Virtual particles and screening of charges

[PeterPumpkin]

I'm reading The Lightness of Being by Frank Wilczek.

In a footnote talking about screening of a (real) positive charge by virtual particles (p47), he says "Thus the force falls off faster than 1 over the distance squared, as you'd have without screening" (by virtual particles).

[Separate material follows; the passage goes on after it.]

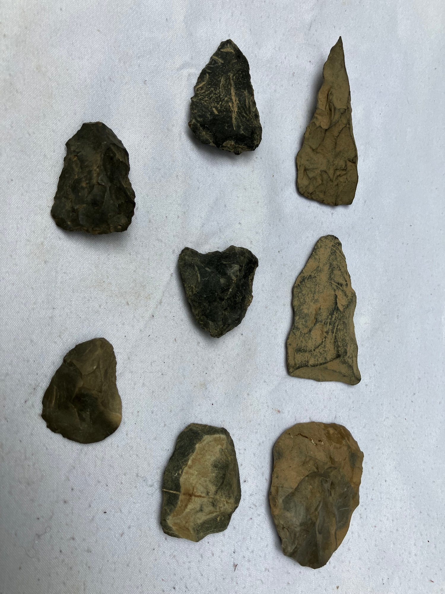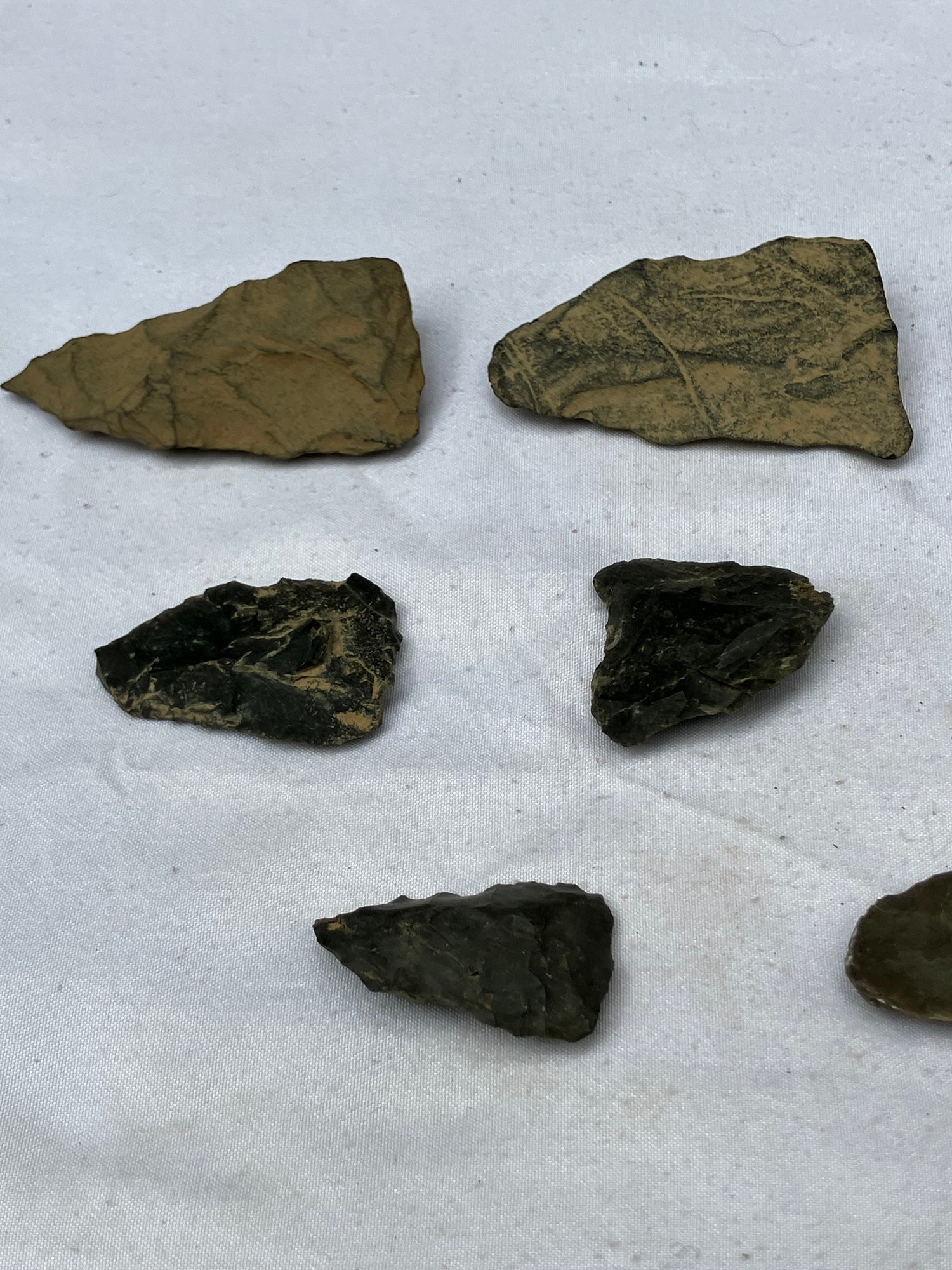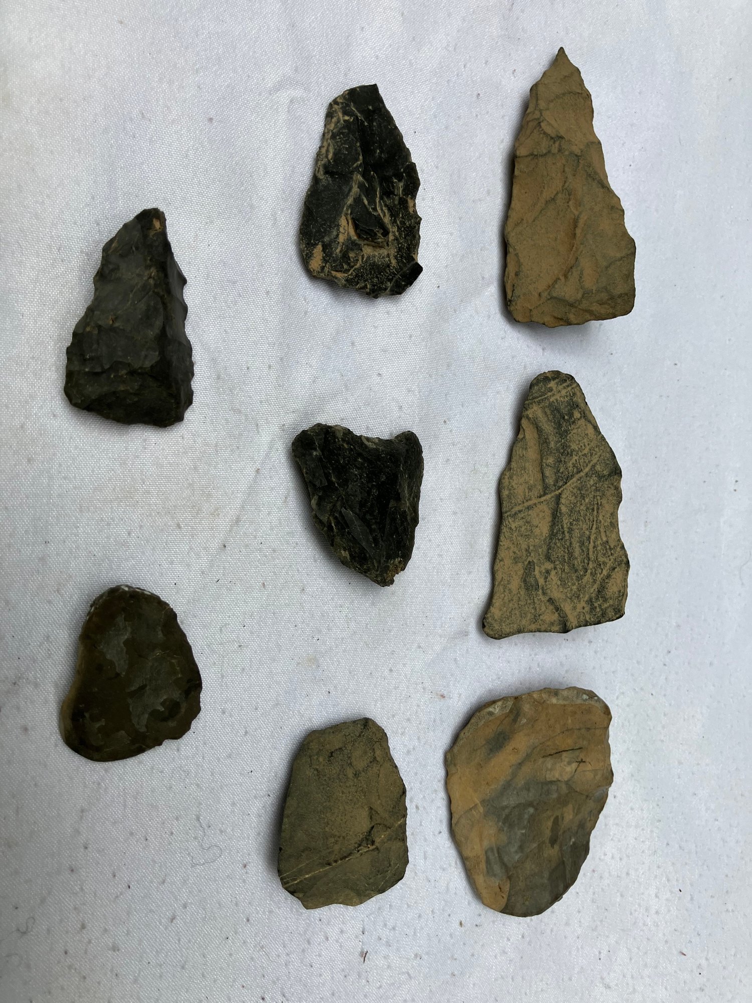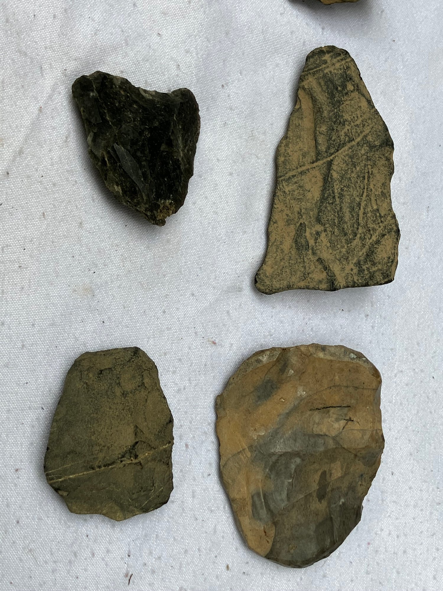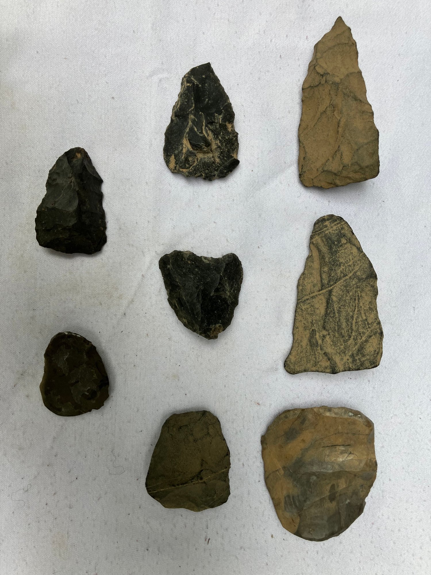 Found at a Native American dig site. Assorted tools consisting of scrapers and bi-facial blades. One large blade has human made scratch marks on both sides. Some are made of flint and Chirt.

How then, when we do experiments in the lab, do we find an inverse square law for (real) charges?

 

[vanhees71]

Frank Wilczek refers to QED here, and QED is under most circumstances involving a few elementary particles perturbative. The relevant coupling is the fine-structure constant $$\alpha \approx 1/137$$ and thus very small. Thus, quantum effects are very small. Here, Wilczek talks about the vacuum fluctuations of the electromagnetic field. The leading-order result is an electron-positron loop of the photon selfenergy. This means that a virtual electron-positron pair is excited and reabsorped by the same photon.

In empty space, you cannot observe this tiny effect, but if you bring in a real charge (say an electron), you find tiny changes to Coulomb's Law, i.e., the electrostatic potential doesn't go like $$1/r$$ but, in case of the Abelian gauge theory QED, is screened. With a grain of salt you can interpret this as a cloud of virtual electron-positron pairs, which shield the bare electric charge of the electron.

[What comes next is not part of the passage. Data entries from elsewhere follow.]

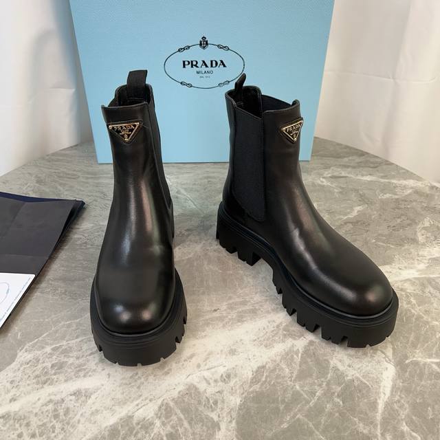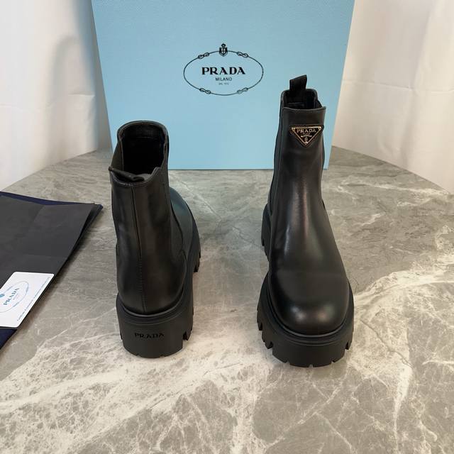 model. Outer: Imported split-edge beads, calfskin. Lining: Imported mixed sheepskin. Pad: Mixed sheepskin. Sole: Original craftsmanship, 6cm thick sole. Features the iconic triangle logo and original packaging. Size: 35-41, 40-41 (custom sizes available).
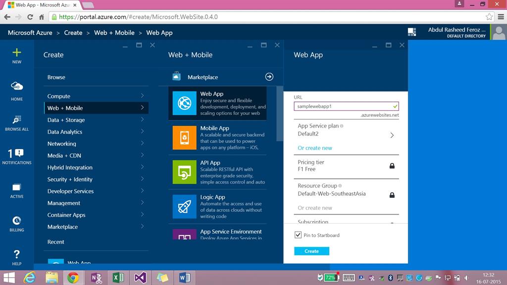 Enter the URL name, select app service plan (something of your own), pricing tier (F1 Free), Subscription (Dreamspark), Location of your Datacentre as South East Asia. Click on Create and your web app gets created.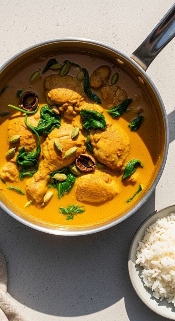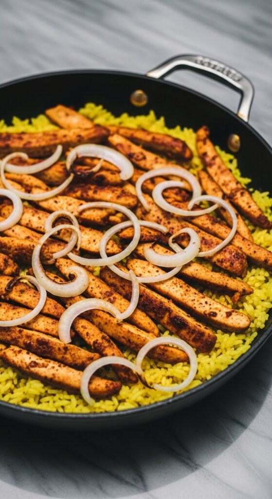Season chicken thighs with cumin, coriander, turmeric, garlic powder, and a pinch of cinnamon. Sear in a hot pan until caramelized. Remove chicken, cook rice in the same pan with broth and a pinch of turmeric. Add chicken back on top, cover, and simmer. All the spices are pantry staples. This dish has bold, layered flavor without any special ingredients. Serve with plain yogurt or a simple cucumber salad.

The main effect is that the electromagnetic coupling, i.e., the fine-structure constant becomes dependent on the momentum scale with which a charge is probed. E.g. from electron-positron scattering at high energies (around the Z-boson mass of about 90 GeV), you measure a fine-structure constant of about 1/128. The reason is that at higher energies you probe the charges of electron and positron at smaller distances, and thus their charge appears less "screened" by the virtual charge cloud than at very low energies, where von usually gives the value of 1/137, relevant for atomic physics.

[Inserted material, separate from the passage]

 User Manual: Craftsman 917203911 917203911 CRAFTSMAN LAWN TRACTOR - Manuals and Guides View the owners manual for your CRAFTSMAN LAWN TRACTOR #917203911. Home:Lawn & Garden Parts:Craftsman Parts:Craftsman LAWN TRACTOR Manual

Now, the interesting thing is that non-abelian gauge theories can show the opposite behavior: In QCD, which is a non-abelian gauge theory based on the color SU(3) gauge-symmetry group. There the same calculation (one loop) of the gluon self-energy leads to the conclusion that due to the self-interaction of gluons (i.e., gluons are color-charged contrary to the photons in QED which are uncharged) the strong fine-structure constant becomes smaller at higher energy-momentum scales. This is known as asymptotic freedom and has been discovered by Wilczek and Gross and independently by Politzer. For this very important discovery all three received the Nobel Prize in Physics 2004.